When leaving the campground last weekend, we noticed that the right signal light and right brake light were not working on the OB. All running lights work, as do the left signal light & brake light. What is the first thing I should be looking for in order to fix this problem?

Any thoughts??

Chery.l


----------



## duggy (Mar 17, 2010)

watervalleykampers said:


> When leaving the campground last weekend, we noticed that the right signal light and right brake light were not working on the OB. All running lights work, as do the left signal light & brake light. What is the first thing I should be looking for in order to fix this problem?
> 
> Any thoughts??
> 
> Chery.l


I believe the signal and brake light are the same filament, so I'd check the bulb first. If it's good, check the contacts in the bulb socket with a voltmeter (with the signal turned on). If that shows nothing, I'd start working my way back from the seven pin socket at the truck. Also, check for corrosion in the bulb socket.

Doug


----------



## jdpm (Apr 12, 2007)

The standard tail lights are dual filiment bulbs - 1 filament is for the running light and the other would be for the brake/turn signal. Most likely, it is the bulb. I'd check that first. Check your tow vehicle to make sure that the brake and turn signal are working. If your turn signal in your tow vehicle is blinking at a normal rate as oppossed to faster than usual, most likely your tow vehicle is fine. Hope this helps. Phillip


----------



## watervalleykampers (Jan 16, 2007)

Ok, so DH changed the bulb and still had the same problem. Then he plugged the neighbours tent trailer into the truck, and no right signal light or brake light on the tent trailer. Must be a problem with the truck.


----------



## CrazyAboutOrchids (Aug 10, 2009)

We just went through this with our GMC; ended up being an issue with our turn signal on the steering column. It took a week, us going through the wiring, two mechanics at one shop going through both the tow vehicle and trailer and finally a dealer had it for two days and found the cause. Not a cheap fix.
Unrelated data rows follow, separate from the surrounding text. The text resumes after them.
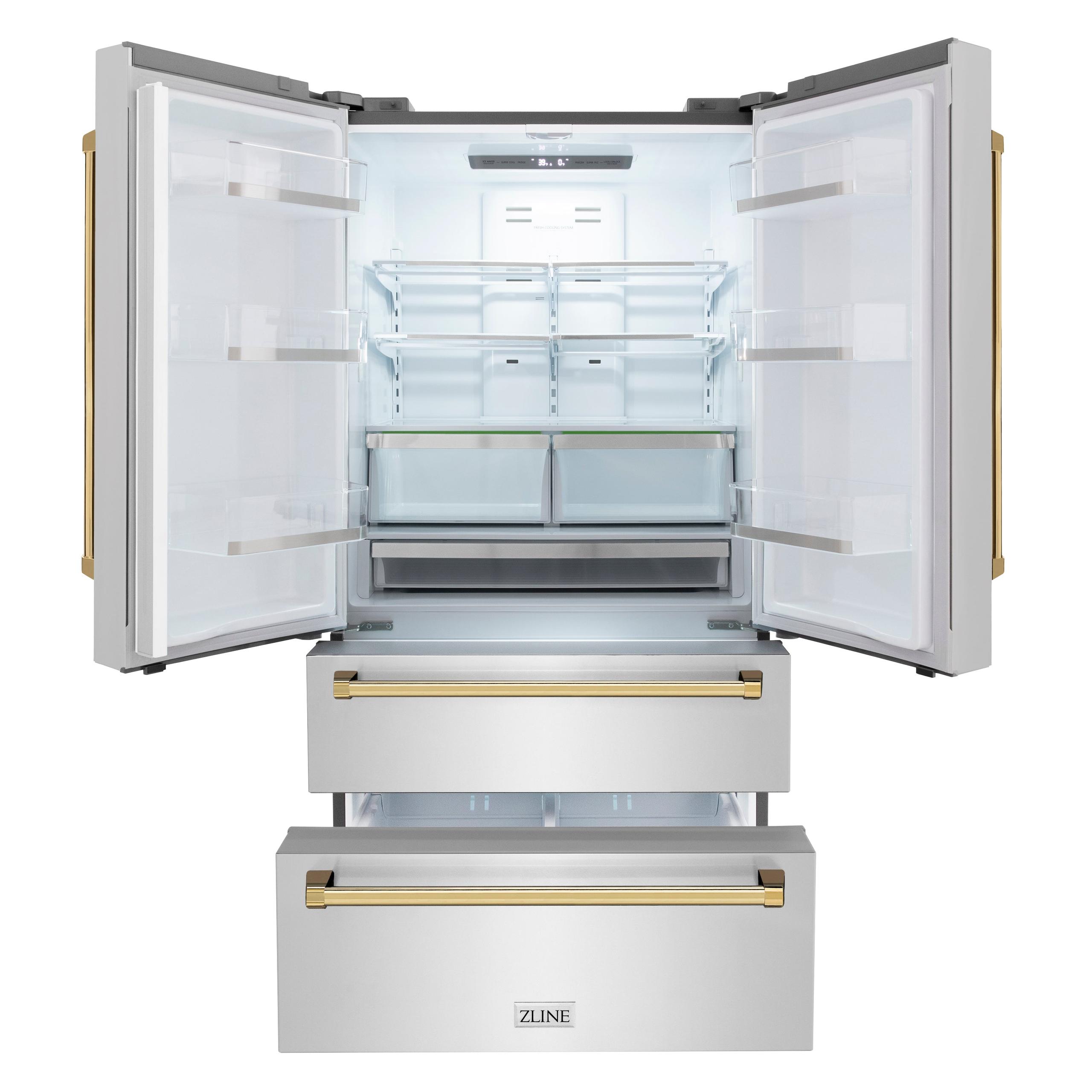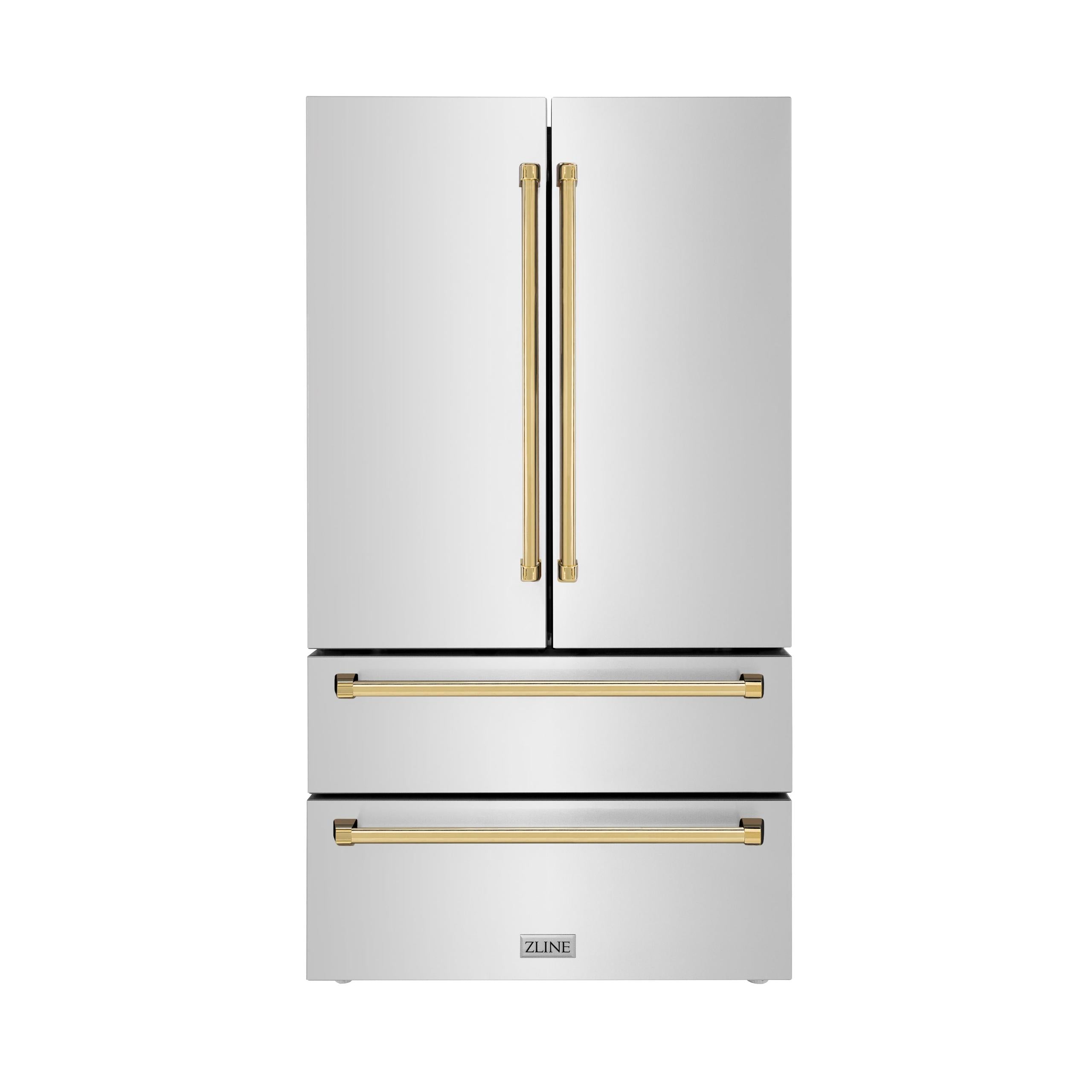 ZLINE KITCHEN AND BATH RFMZ36CB ZLINE Autograph Edition 36 in. 22.5 cu. ft. Counter-Depth French Door Refrigerator with Ice Maker in Fingerprint-Resistant in Stainless Steel with Champagne Bronze Traditional Handles (RFMZ-36-CB) Bronze
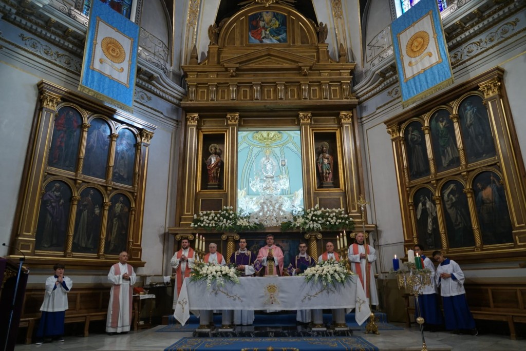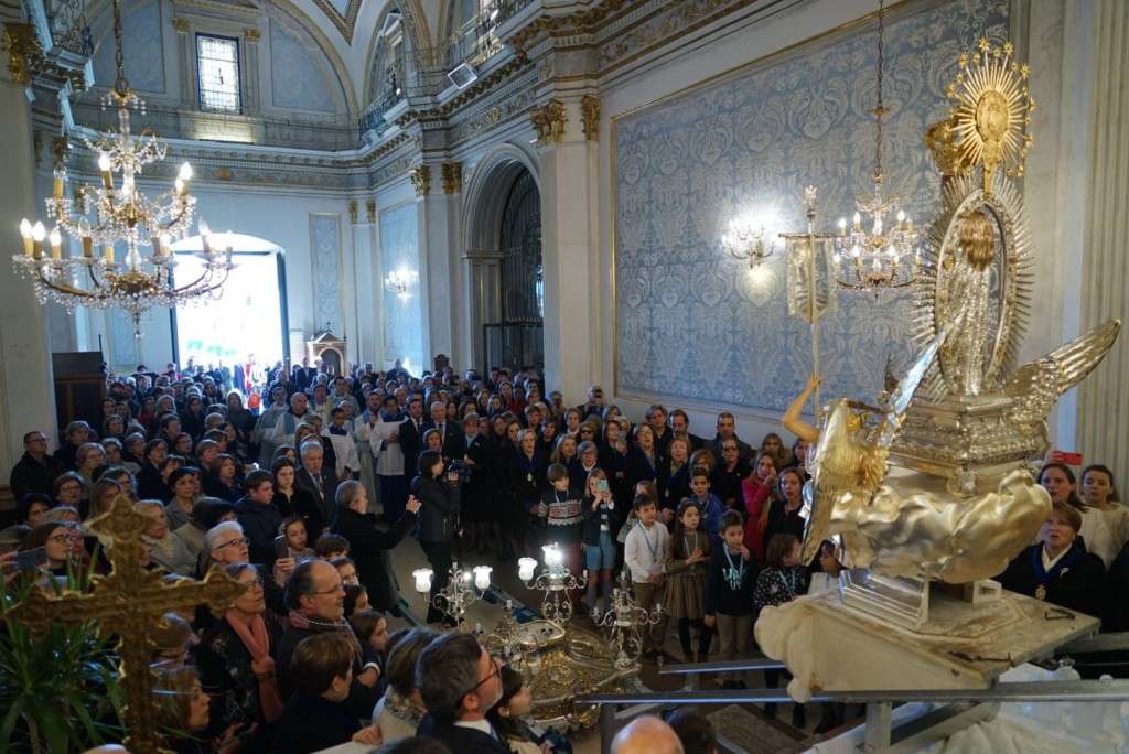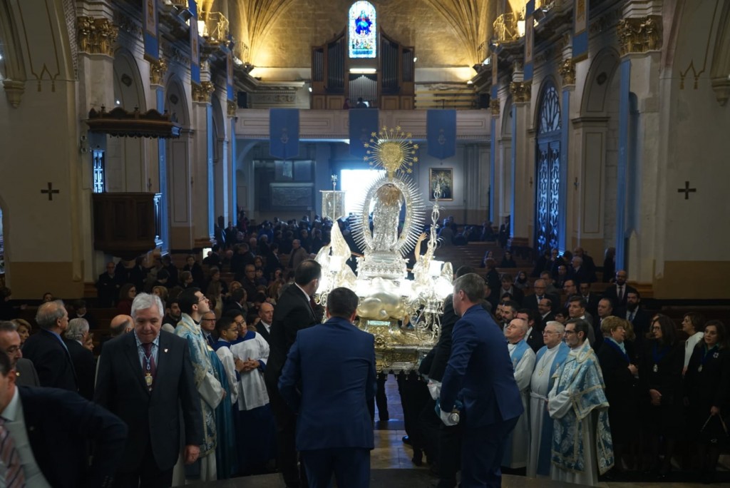 El domingo, ornado de impactante sol y belleza, amaneció ataviado con la singular gratitud que todos brindamos a la hermosa imagen de la Purísima que sobre el trono de ángeles, gubiados por imaginero Virgilio Sanchis Sanchis, rubricaba la solemnísimos festejos. El templo de Santa María, en cuya capilla, tiene su sede canónica nuestra Patrona.
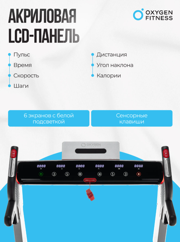 Беговая дорожка домашняя OXYGEN FITNESS M-CONCEPT SPORT (SMOKY)Серия M-Concept - это уникальные тонкие беговые дорожки от OXYGEN FITNESS™. Толщина тренажера в сложенном виде составляет всего35 см. (или30 см. при условии снятия небольших поручней). Дорожка легко помещается под кровать, в кладовку или любое другое небольшое место - хранить ее можно и в горизонтальном, и в вертикальном состоянии.
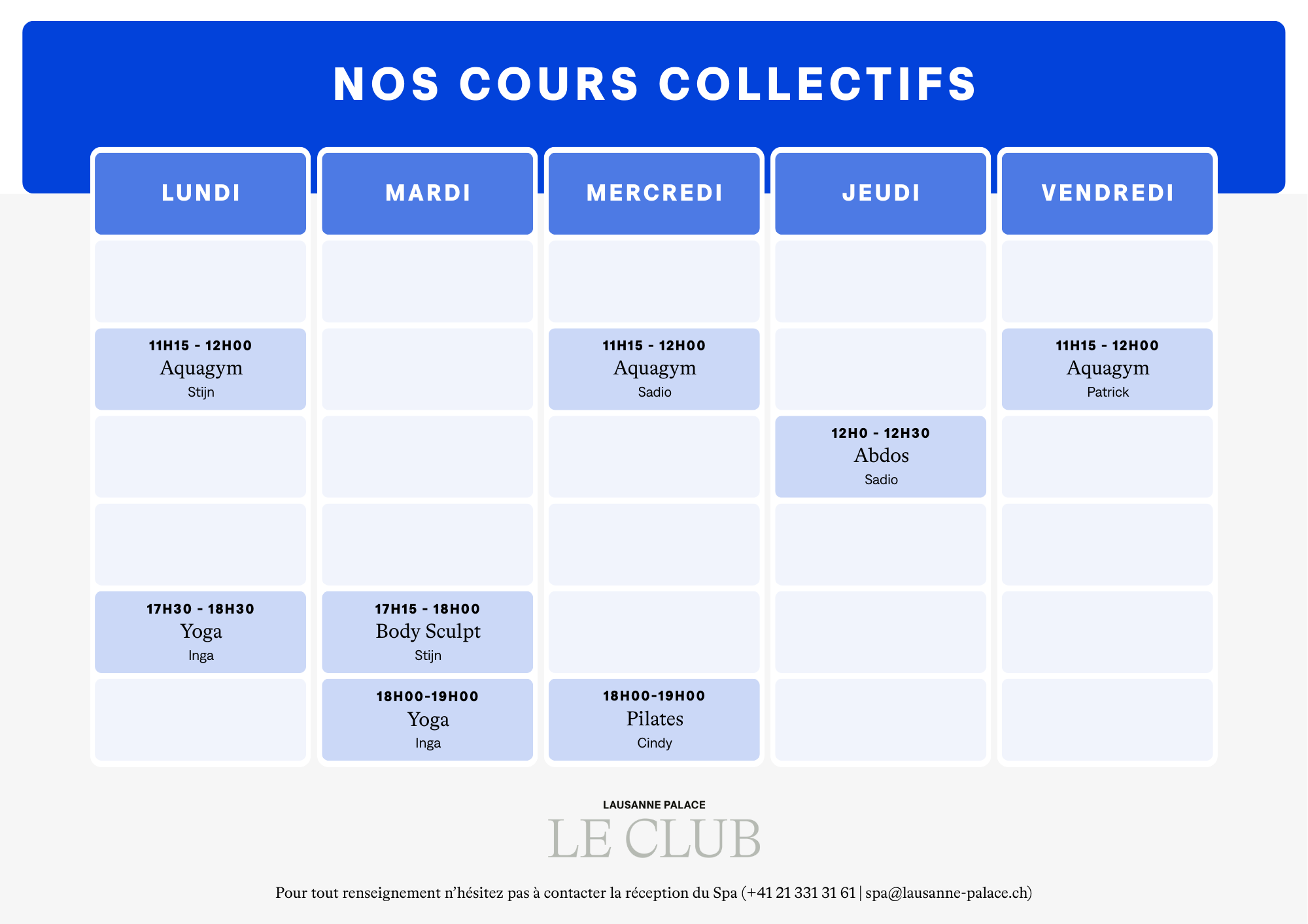 Im Lausanne Palace zeigt sich die Exzellenz auch in einem erstklassigen Sportangebot, das von Sadio Sankhare, unserem Fitnessmanager, individuell gestaltet wird. Mit privaten Sitzungen, maßgeschneidertem Coaching und einem Gruppenkursplan setzt Sadio Sankhare alles daran, den Fitness- und Wohlfühlzielen eines jeden von uns gerecht zu werden. Sadio ist ein leidenschaftlicher Anhänger der Ernährung, die ein unverzichtbarer Verbündeter der Fitness ist. Diese zusätzliche Expertise von Sadio, gekoppelt mit dem Sport und den Pflegeangeboten des Spa des Lausanne Palace, ermöglicht es unseren Kunden, von einer ganzheitlichen Begleitung zu profitieren, die einen globalen Ansatz für Gesundheit und Wohlbefinden bietet.
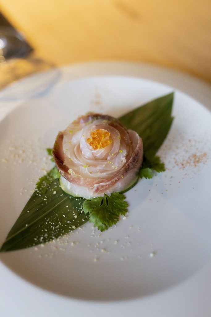 Siempre la base es la pesca blanca del día con fusiones; la entrada es un sashimi y un nigiri, y después hay geishas, usuzukuri (finas láminas de pesca blanca del día con huevas de trucha) e isobe ague (salmón envuelto en algas al estilo tempura, con guacamole, salsa ponzu y agridulce). Nozomi significa “Esperanza”; es una esperanza hacia el futuro, post pandémico. El chef principal es Juan Matsuoka y es un artista de la cocina. Probamos la mismísima perfección: un pescado blanco con lenguado, chernia y lisa, huevas de salmón, yuzu, sichimi, y pimienta japonesa.
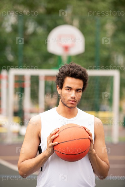 Молодой межкультурный баскетболист в белом футболке, держащий мяч за грудь
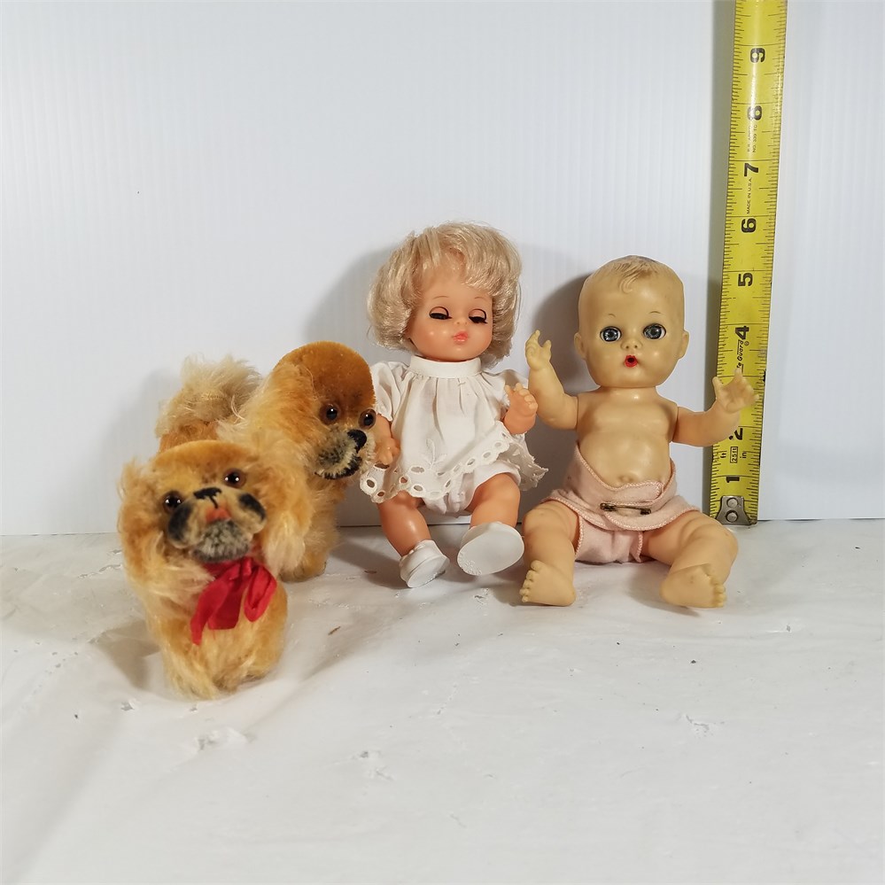 Lot of 2 Dolls and 2 Dogs
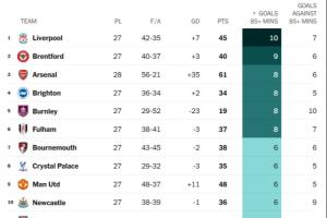体育资讯02月26日讯 TA统计了本赛季英超球队85分钟及以后的进球及丢球排行榜,其中利物浦以10球位列榜首,阿森纳8球位列第三。
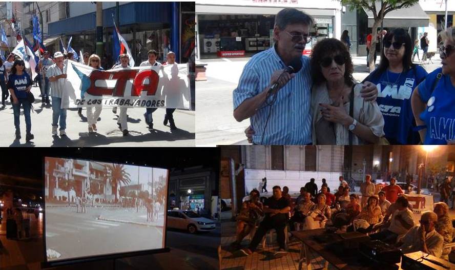 Se recordó el Riojanazo del 9/12/1.993 La CTA de los Trabajadores recordó los 25 años del Riojanazo. En la mañana del lunes, movilizó desde la “Plaza de la Resistencia”, como la bautizó la Rebelión de trabajadores un 10 de diciembre de 1.993 al ex Parque sarmiento, hasta la Plaza 25 de mayo. Participaron gremios de las dos CTA y de la Corriente Federal de la CGT. A pesar del “inédito receso estival” dispuesto por el gobierno provincial, se concretó la conmemoración de los 25 años del Riojanazo con la participación de dirigentes sindicales comprometidos con la clase trabajadora y el acompañamiento de movimiento sociales de nuestra capital. En la plaza principal, hicieron uso de la propaladora: Beatriz Martínez de AMP-CTA; Rolando Agüero de APROSLAR-CTA; Claudia Allegri de SADOP-CGT; Sergio Cabrera de Martin Fierro-CTA; Alfredo Arana de ATE-CTA autónoma y Rogelio De Leonardi quien lo hizo en compañía de otra participante del Riojanazo, la compañera Rosita Bazán. Rogelio De Leonardi, secretario Gral. de la AMP-CTA, recordó el acontecimiento, antes la consulta de los medios de prensa presente en el lugar. “No vamos a encontrar la magnitud de lo que hemos hecho aquel día. El Riojanazo no vino de un día para el otro, vino abonado por la toma de escuelas por parte de los estudiantes en La Rioja; estuvo precedido de históricas huelgas de AMP ese año y los anteriores; también de la Marcha de la Bronca, desde Chilecito hacia Capital, con Normando Ocampo acompañando la columna de ATE; fue un época histórica de los trabajadores provinciales que no ha sido superada todavía (…) éste es el sentido que tiene lo de hoy, juntarnos, rememorar la fecha, recordar hechos. “Los trabajadores ganamos la calle para exigir la derogación de la Ley Ómnibus; la plaza principal estaba tomada por 700 gendarmes provenientes de Córdoba, no se podía ingresar hacia allí a protestar…los que hemos vivido esa gesta, la debemos contar, historiar para que la conozcan los trabajadores jóvenes riojanos”, señaló De Leonardi. Por la tarde-noche, se proyectó en plaza 25 de Mayo un video con filmación casera del Riojanazo, realizado por el extinto Pedro Agost. En él se pudo observar la valentía del pueblo riojano por la defensa de sus puestos de trabajo y rostros de sus participantes.

You have already identified the issue as one belonging to your tow vehicle; have you checeked all your fuses? In my vehicle, I have fuse boxes in two locations and both contain fuses for trailering.


----------



## jdpm (Apr 12, 2007)

My bad! I didn't realize your tow vehicle was a Dodge Ram. We had the same problem on our 2006 Ram and it turned out to be the TIPM module which but be scanned/reset by the dealer. Takes 5 minutes and your dealer MAY do if for no charge. Hope this is helpful. Phillip


----------



## CamperAndy (Aug 26, 2004)

jdpm said:


> My bad! I didn't realize your tow vehicle was a Dodge Ram. We had the same problem on our 2006 Ram and it turned out to be the TIPM module which but be scanned/reset by the dealer. Takes 5 minutes and your dealer MAY do if for no charge. Hope this is helpful. Phillip


This will be part of the problem. When they reset it make sure it has the latest setting in the TIPM which should be 17.5 amp for a trip point.

Also once you get it reset check your trailer wiring for grounds before you reconnect your truck to the trailer or you may need to get the TIPM reset again. BTW it only can be reset 5 times before it locks out the reset.


----------



## ember (Jan 17, 2008)

OR set the GPS to avoid right hand turns!!! JK, but I couldn't help myself!


----------